Task to carry out →
For the records below, copy exactly the span that begins at the line containing "(1)每臺(tái)風(fē" and stops after the line containing "สำหรับลูกค้าใหม่ ผู้ที่สนใจซื้อรถ Tesla", minus any pictures.

########################################

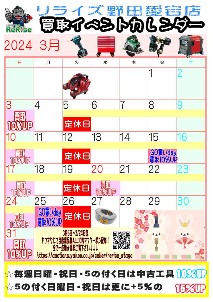 毎週日曜日・祝日・GO買いday(5の付く日)は中古工具ALL10%UPとなります★
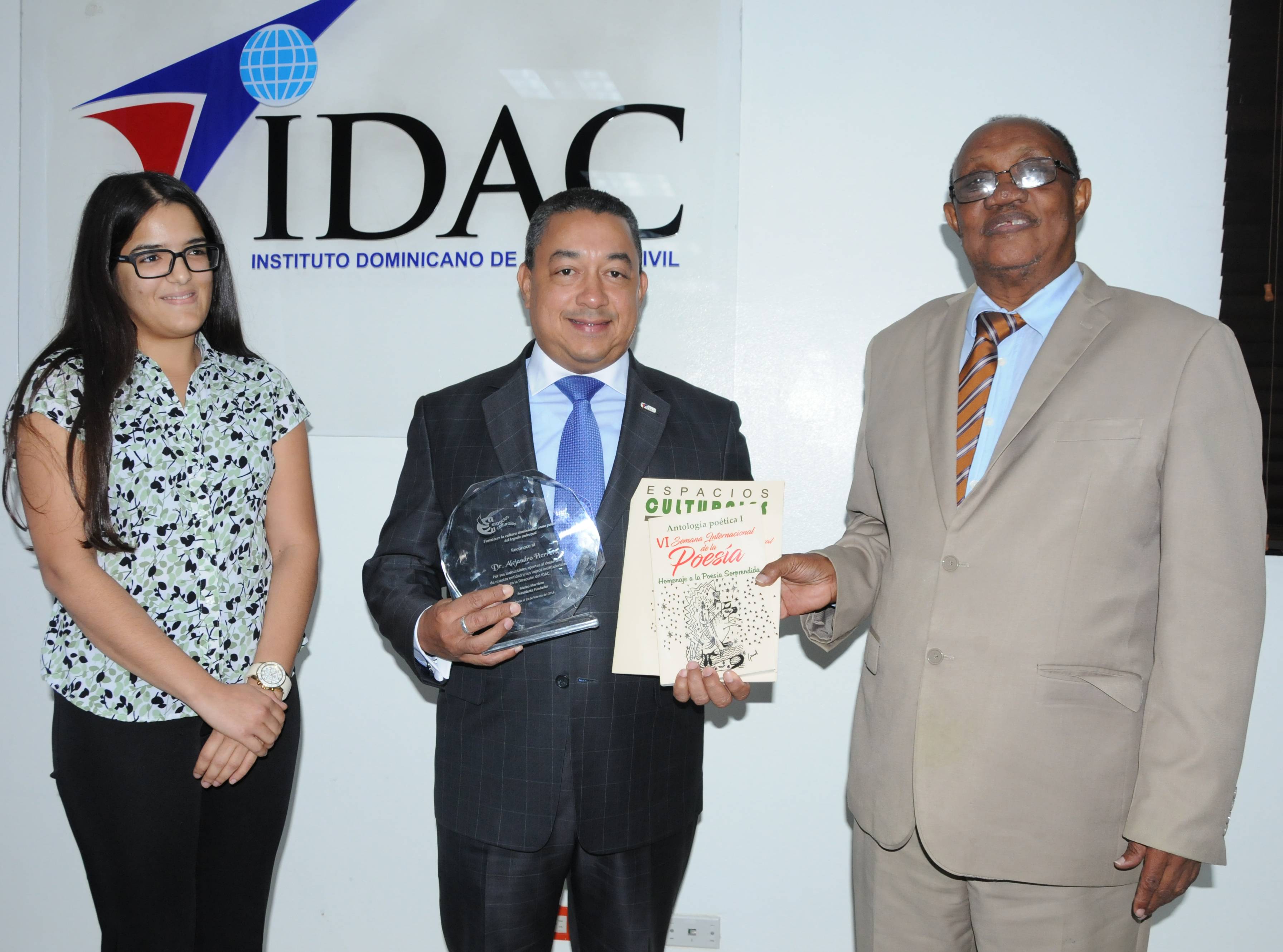 Santo Domingo.- El director general del Instituto Dominicano de Aviación Civil, Dr. Alejandro Herrera, recibió el reconocimiento que otorga la Fundación Espacios Culturales, por sus demostradas cualidades como modelo de funcionario del Estado, por los aportes a la cultura y el apoyo a los autores dominicanos.
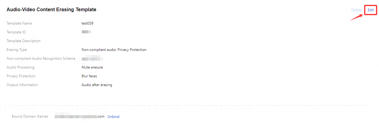 2. Select the successfully created Audio-video content erasing template, click Edit on the right to go to modify the template information.
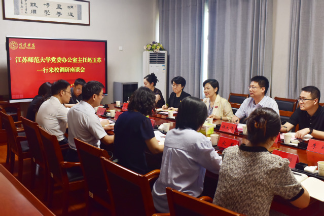 调研座谈会上,党委办公室主任赵玉苏与宿迁学院办公室主任沈席强分别介绍了支部基本情况和党建业务融合发展的特色亮点、实践经验与心得体会。双方支部成员聚焦进一步提升部门服务发展、服务决策、服务落实能力,围绕综合考核、督查督办、信息报送、机要保密等办公室工作进行深入交流研讨。
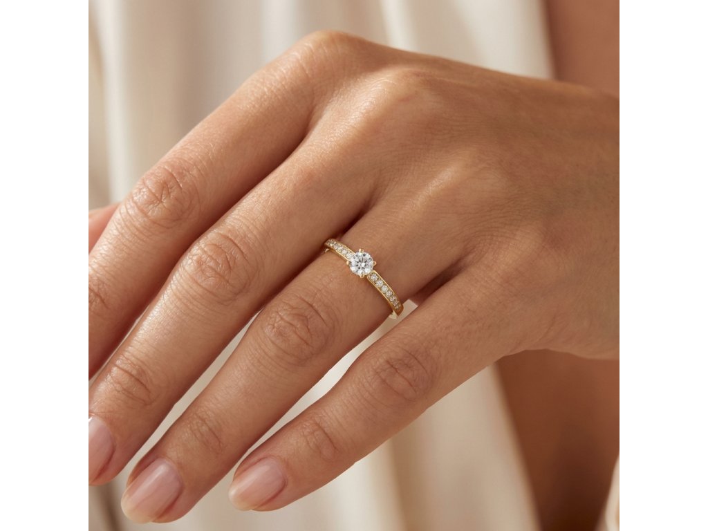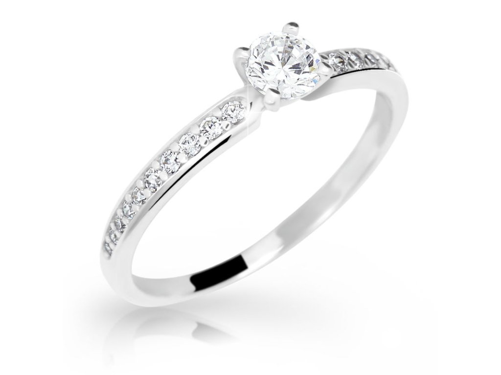 Zlatý prsten se zirkony ve žlutém/bílém 14ti karátovém zlatě ryzosti 585/1000. Průměr centrálního kamene je 3mm, šířka ozdoby i šířka spodní části prstenu je 2.5mm, hmotnost +/- 1.75g.
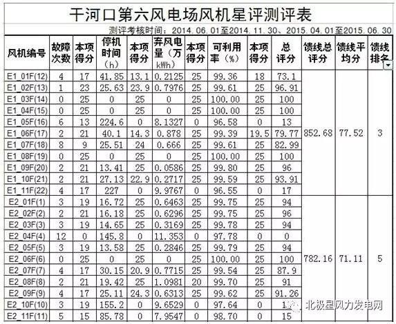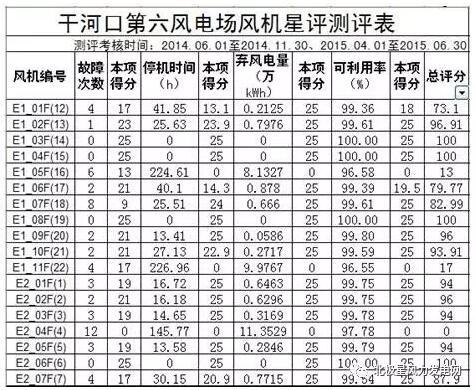(1)每臺(tái)風(fēng)力發(fā)電機(jī)組小指標(biāo)測(cè)評(píng)表
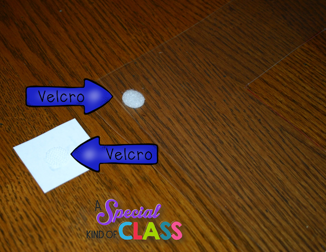 I added Velcro to each of the corners and on the back of the words. You can put Velcro wherever you need too. Some children make better choices along the top, or along the bottom, or one side or the other. Put Velcro where you need to or put Velcro along the whole square, if you are still trying out locations to determine the best spots.
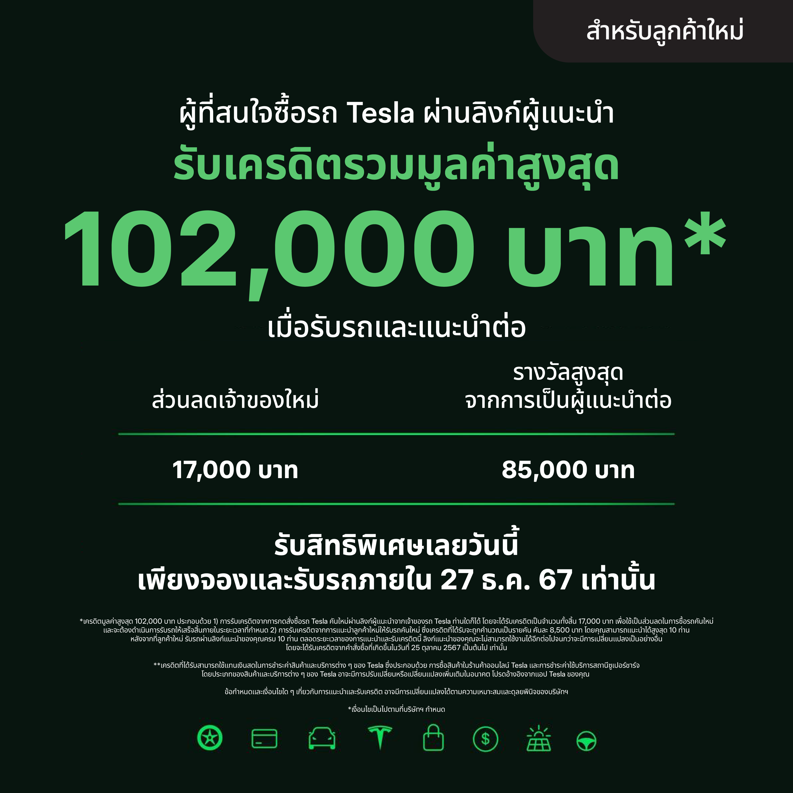 สำหรับลูกค้าใหม่ ผู้ที่สนใจซื้อรถ Tesla ผ่านลิงก์ผู้แนะนำ รับเครดิตรวมมูลค่าสูงสุด 102,000 บาท* เมื่อรับรถและแนะนำต่อ ส่วนลดเจ้าของใหม่ 17,000 บาท รางวัลสูงสุดจากการเป็นผู้แนะนำต่อ 85,000 บาท รับสิทธิพิเศษเลยวันนี้ เพียงจองและรับรถภายในวันที่ 27 ธ.ค. 67 นี้เท่านั้น
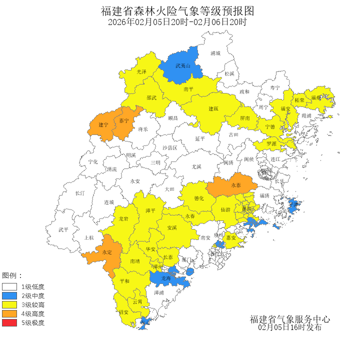 今天晚上到明天白天,莆田市、泉州市、宁德市、龙岩市、漳州市、南平市的森林火险气象等级为较高危险(三级),三明市的森林火险气象等级为高度危险(四级),其中,屏南县、柘荣县、城厢区、涵江区、荔城区、仙游县、鲤城区、福鼎市、福安市、蕉城区、罗源县、德化县、光泽县、建瓯市、邵武市、建阳区、漳平市、新罗区、长泰区、惠安县、安溪县、永春县、芗城区、云霄县、诏安县、南靖县、平和县、华安县的森林火险气象等级为较高危险(三级),永泰县、泰宁县、永定区、建宁县的森林火险气象等级为高度危险(四级)。
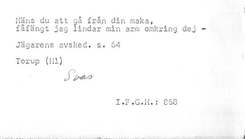 //// ! //// Näns du att gå från din maka, //// fåfängt jag lindar min arm omkring dej - //// Jägarens avsked, s. 64 //// Torup (Hl) //// J //// I.F.G.H.: 868 //// t //// _____ - . —___ ////
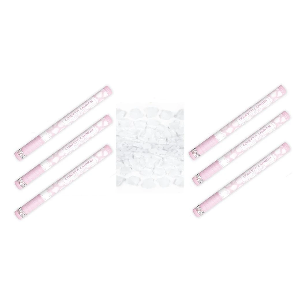 Sada 6 ks svatebních konfet o délce 60 cm s bílými okvětními lístky.
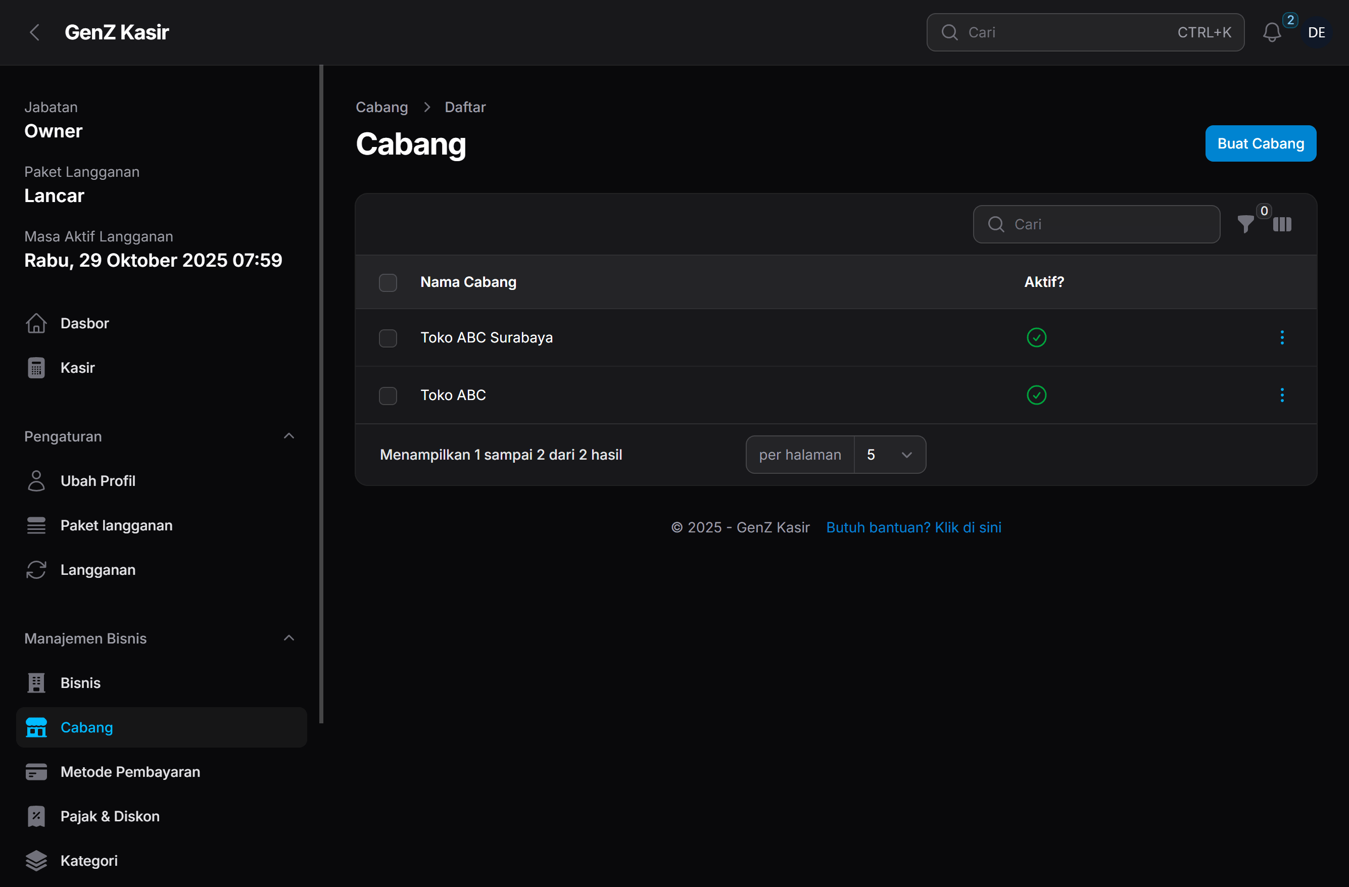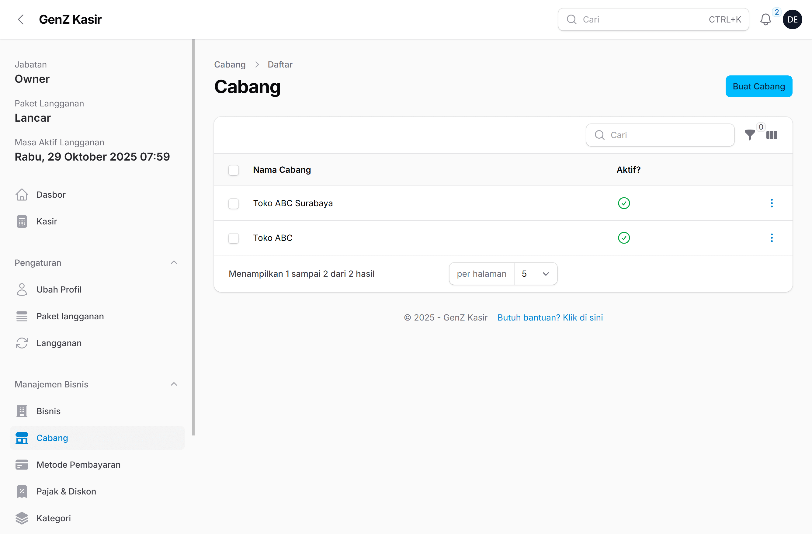 Kelola banyak cabang dalam satu akun
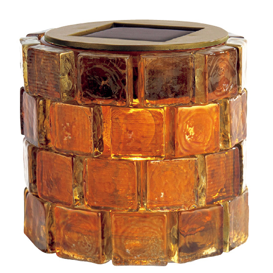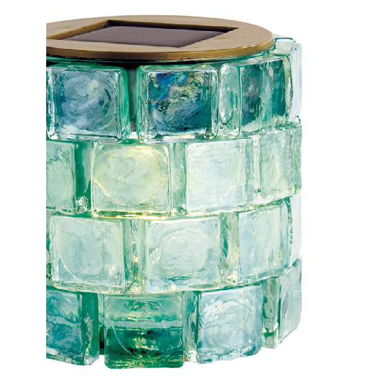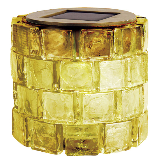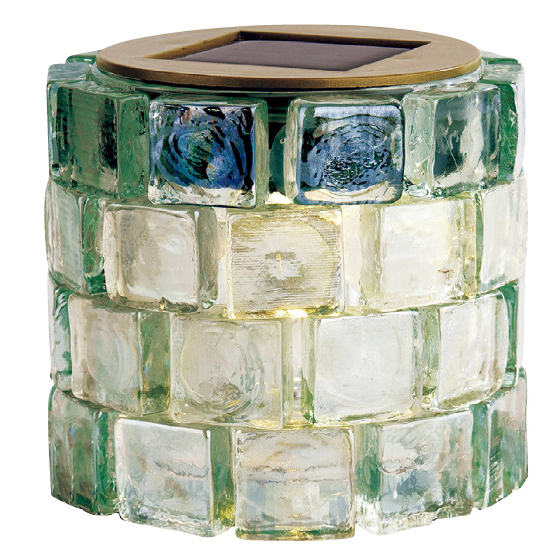 配線不要で設置も簡単。昼間は太陽の光で内蔵の充電池に蓄電し、暗くなると自動的に点灯します。ガラスタイルの輝きがお庭や玄関まわりをほのかに照らします。
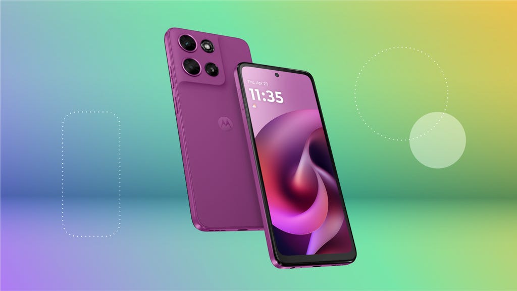 价格稍高的Moto G同样搭载了同款处理器,但存储空间提升至128GB,有线充电速度也更快,达到了30瓦。其后置摄像头系统包括一颗5000万像素广角摄像头和一颗200万像素微距摄像头,前置摄像头则为3200万像素。在颜色选择上,它提供了两种选项:Pantone Cattleya Orchid(类似品红色)和Pantone Slipstream(灰色)。

########################################

The answer →
(1)每臺(tái)風(fēng)力發(fā)電機(jī)組小指標(biāo)測(cè)評(píng)表
 I added Velcro to each of the corners and on the back of the words. You can put Velcro wherever you need too. Some children make better choices along the top, or along the bottom, or one side or the other. Put Velcro where you need to or put Velcro along the whole square, if you are still trying out locations to determine the best spots.
 สำหรับลูกค้าใหม่ ผู้ที่สนใจซื้อรถ Tesla ผ่านลิงก์ผู้แนะนำ รับเครดิตรวมมูลค่าสูงสุด 102,000 บาท* เมื่อรับรถและแนะนำต่อ ส่วนลดเจ้าของใหม่ 17,000 บาท รางวัลสูงสุดจากการเป็นผู้แนะนำต่อ 85,000 บาท รับสิทธิพิเศษเลยวันนี้ เพียงจองและรับรถภายในวันที่ 27 ธ.ค. 67 นี้เท่านั้น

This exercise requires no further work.